石畳(パヴェ)の上を走るクラシックレースのために各社が快適性に特化したエンデュランスロードバイクを開発しているが、その歴史の中でもトレックが発明したフレームの接合部を物理的に離して間にベアリングを介することで衝撃を和らげるISOスピードは衝撃的だった。 そのISOスピードをアルミフレームに装着したのが「ドマーネ ALR」だ。
 
text:難波ケンジ photo:小見哲彦

独自のISOスピード機構により快適性で並ぶバイクなし

「ドマーネ ALR」は、32Cという通常のロードバイクよりも幅広なタイヤや、フォークもベンドタイプを採用するなど、随所に快適性への工夫が目立つ一台。さらにキャリパーブレーキ仕様と乗り比べると、ブレーキ性能に優れたシマノ製の油圧ディスクブレーキを採用したこのバイクなら、初めてのロングライドで遠くに出かけて途中で腰が痛くなったり、峠の下りで雨が降ってきたりというような条件でも無敵の性能を発揮する。

そもそもアップライトなエンデュランスジオメトリーと抜群の乗りごこちなので、腰すら痛くならないだろう。傘下のボントレガー製のサドルやシートポストなど、デザインもトータルコーディネートされている。  

また、大きな特徴のひとつがチューブレス対応のリムを採用している点で、乗り慣れてきた頃チューブレスにタイヤをアップグレードしたい。もう圧倒的としか言いようのない耐パンク性能を発揮するチューブレスと快適性に優れたドマーネなら、どこまでも走っていける。
 

TREK Domane ALR 5 Disc
トレック・ドマーネ ALR5 ディスク
シマノ・105完成車価格/21万2037円(税抜) 

フレーム●200シリーズアルファアルミニウム 
フォーク●ドマーネカーボン
メインコンポ●シマノ・105 
ホイール●ボントレガー・チューブレスレディ 
タイヤ●ボントレガー・R1ハードケースライト 700×32C 
ハンドルバー●ボントレガー・レースVR-C 
ステム●ボントレガー・エリート 
シートポスト●ボントレガー・アロイ 
サドル●ボントレガー・アフィニティーコンプ 
サイズ●44、47、50、52、54、56、58、60 
カラー●ブラックパール 
試乗車実測重量●9.46kg(52サイズ、ペダルなし)


 
チューブレスに対応したチューブレスレディリムを採用。

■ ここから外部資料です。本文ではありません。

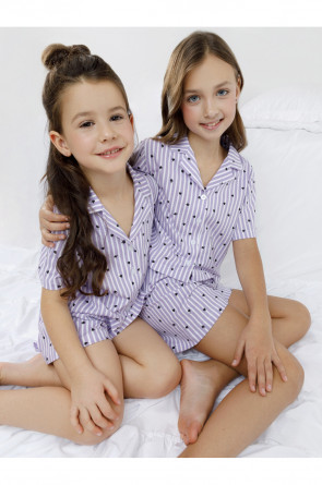 Трикотажная пижама из натурального хлопка для комфортного сна и отдыха. Рубашка на пуговицах с короткими рукавами и свободные шорты с мягкой эластичной резинкой в поясе. Набивной рисунок выполнен из стойких текстильных гипоаллергенных красителей. Изделие сохраняет цвет и форму после многократных стирок. Все трикотажные полотна производятся в соответствии с нормами швейцарского сертификата ЭкоТекс.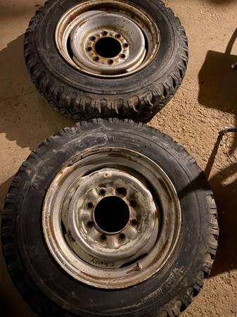 2 Studded snow tires on Chevy/Ford 3/4 Ton wheels both $30 FIRM
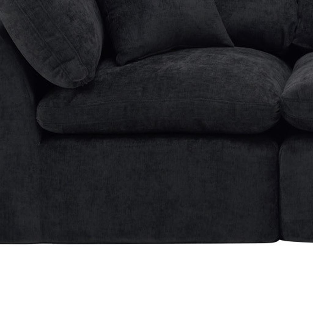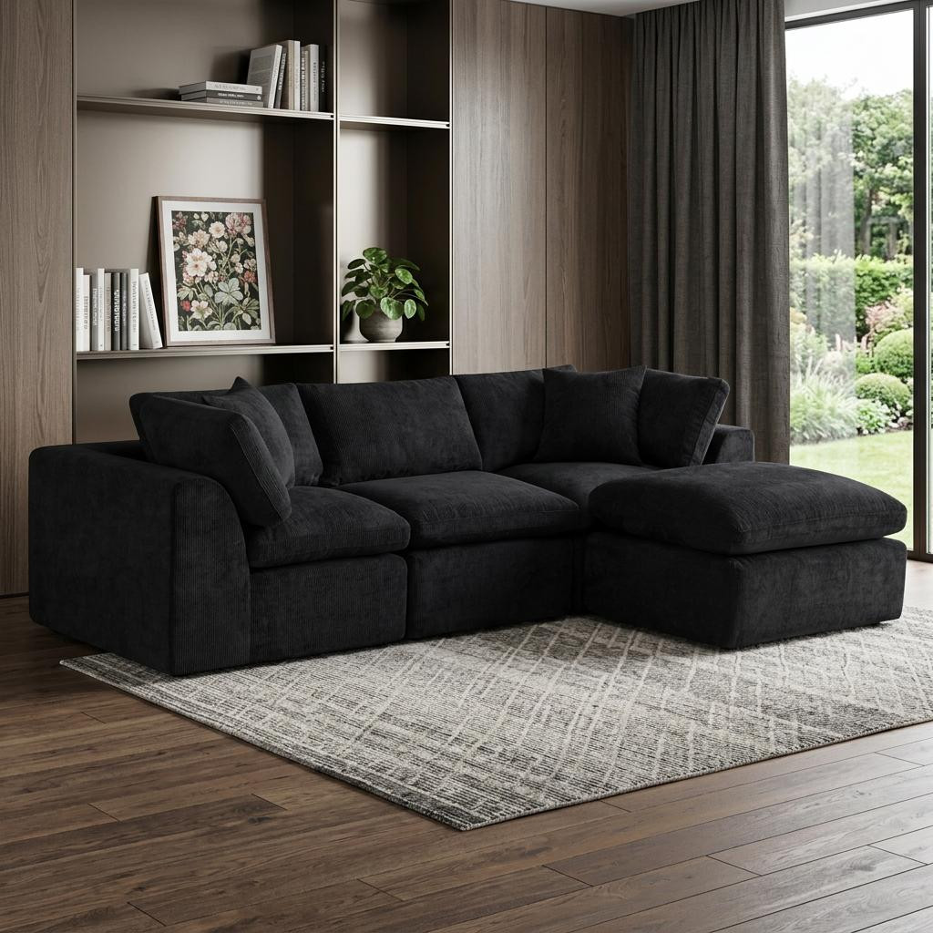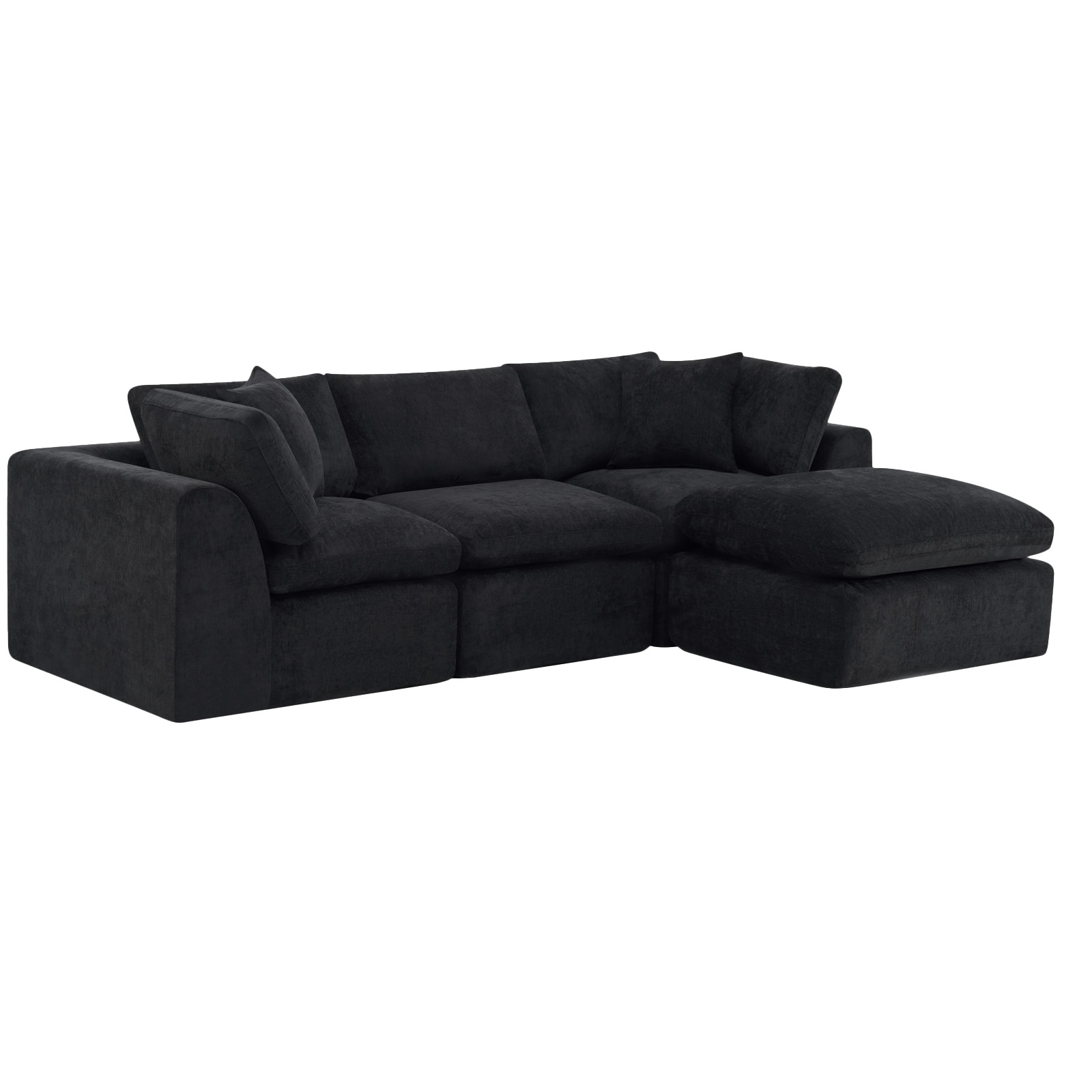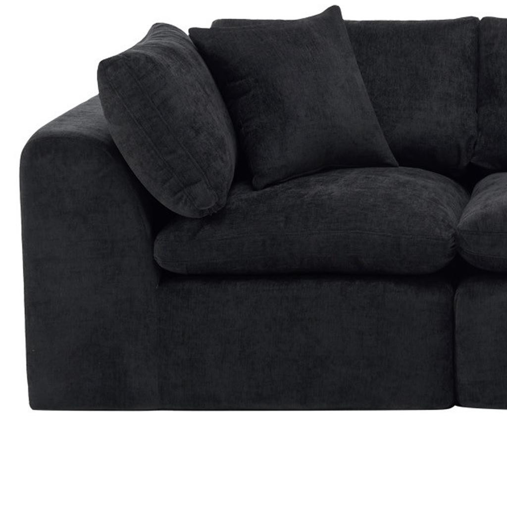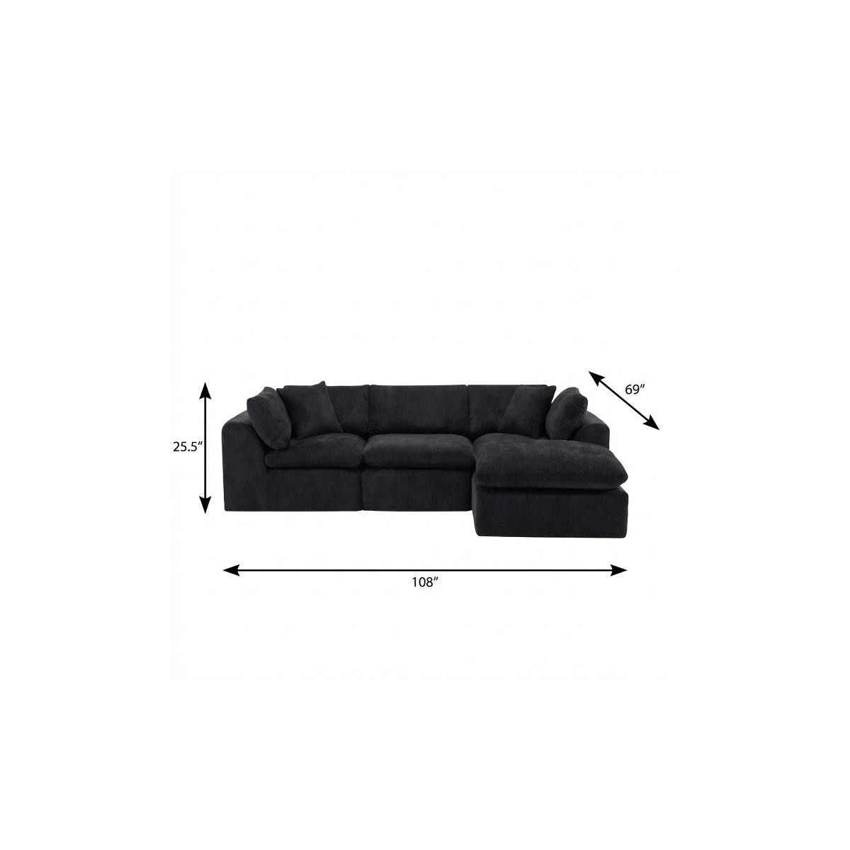 The 108-inch black chenille modular sofa with ottoman and toss pillows offers a contemporary touch to your living space. Fully upholstered with a solid color soft and durable chenille upholstery, this modular set combines an ottoman, two end pieces and middle to create a three seat sofa. The included toss pillows add an extra layer of comfort. With its plush foam frame, this sofa provides durable support for everyday use. The cushioned back and stylish wide arched arms enhance its contemporary design, making it a perfect centerpiece for any room. Experience a blend of luxury and functionality with this versatile modular sofa. 25.50-inch h x 108.00-inch w x 69.00-inch d.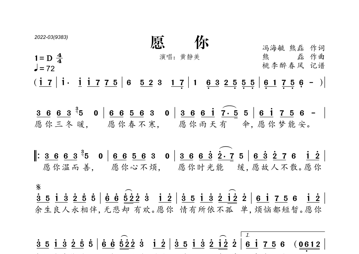 《愿你》是黄静美演唱的一首歌曲,拍号为4/4拍,歌曲速度为每分钟72拍,这份简谱共有一张高清图谱,图谱由 @桃李醉春风 编配上传。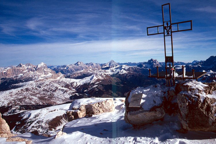 Blick vom Piz Boè (3512 m) mit Gipfelkreuz von links: Die Le Tofane mit der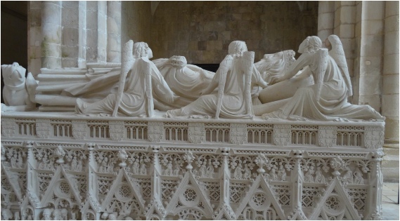 De tombes van het beroemdste liefdespaar, koning Pedro en zijn minnares Inés.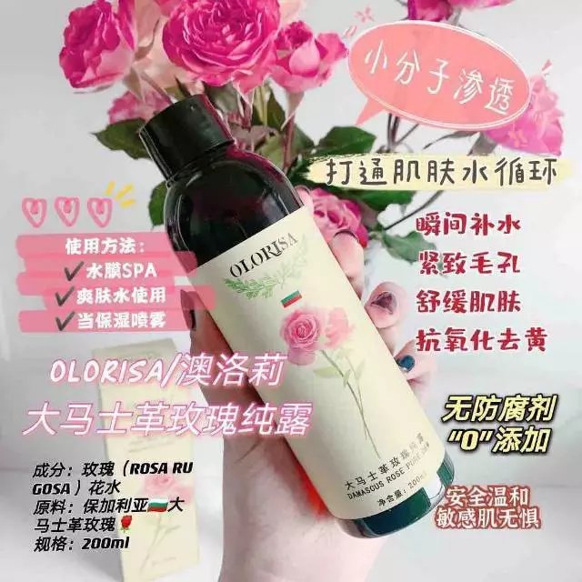 澳洛莉大马士革玫瑰纯露是「植物的花水」。润物细无声,清爽无负担玫瑰纯露是蒸馏玫瑰而得,成分纯粹,不会添加色素,香精、保湿剂,质地就像白开水,比一般化妆水清爽好几倍。轻拍上脸,几乎一下就被皮肤吸收了,完全无负担~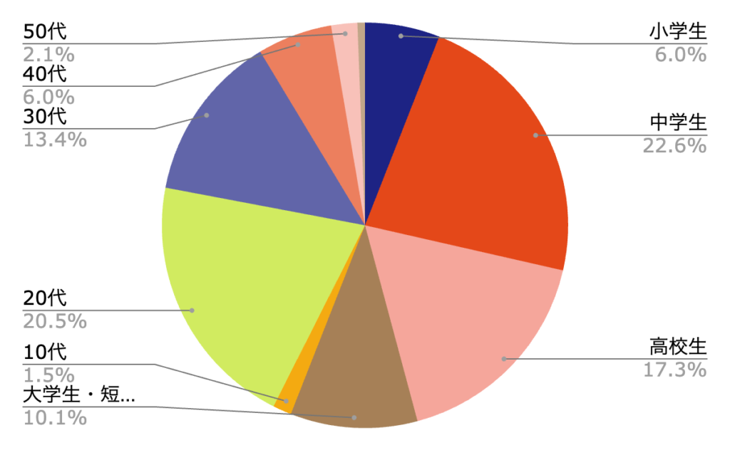 年代は中学生が最も多く22.6%を占めました。次いで、20代、高校生の順に多くなっていました。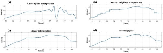 The curve fitted by the Cubic Spline Interpolation method has great fluctuation and cannot reflect the real surface topography of the measured object. The reason is that the data mutation of discrete points appears, which is because the distance of some points becomes very close after dimensionality reduction. The curves fitted by the Nearest Neighbor Interpolation and Linear Interpolation are not smooth, which does not correspond to the characteristics of continuous and smooth on highly reflective surfaces. The curve fitted by the Smoothing Spline method has no abnormal fluctuation and is very smooth, which can reflect the real surface topography of the measured object. Thus, the Smoothing Spline method Was adopted as our curve fitting method.

標準では乗りごこちとグリップ性能に優れた32Cタイヤを装着している
シートチューブを物理的に分離してベアリングを介し、衝撃に対してしなる動きを実現したISOスピードが驚くほどの快適性を実現
通常のロードバイクより乗車姿勢に余裕のあるエンデュランスジオメトリーを採用。少し長めのホイールベースで直進安定性も抜群
雨の日のライディングに備えて、フレームには美しく内蔵されたフェンダーマウントを装備。晴れの日にはその存在を意識させない
フラットマウント規格のディスクブレーキを採用し、あらゆる条件でどんなリムブレーキよりも優れた制動力とコントロール性を発揮

難波ケンジの試乗インプレッション

レーシングモデルのドマーネには日本人で最初に乗った筆者なれど、アルミモデルのドマーネに乗ったのはこれが初めて。こんなに乗りごこちが良いとは目からウロコの一言に尽きる。リヤのISOスピードの快適性もさることながら、フォークの快適性も尋常ではない。

走りはというと32Cタイヤを履いているので、踏み出しこそモッサリとしているが、時速10kmも出てくるとあまり気にならない。峠に次ぐ峠を越えてという走りでなければ、ロングライドをしている限り乗りごこちの利点のほうがはるかに大きい。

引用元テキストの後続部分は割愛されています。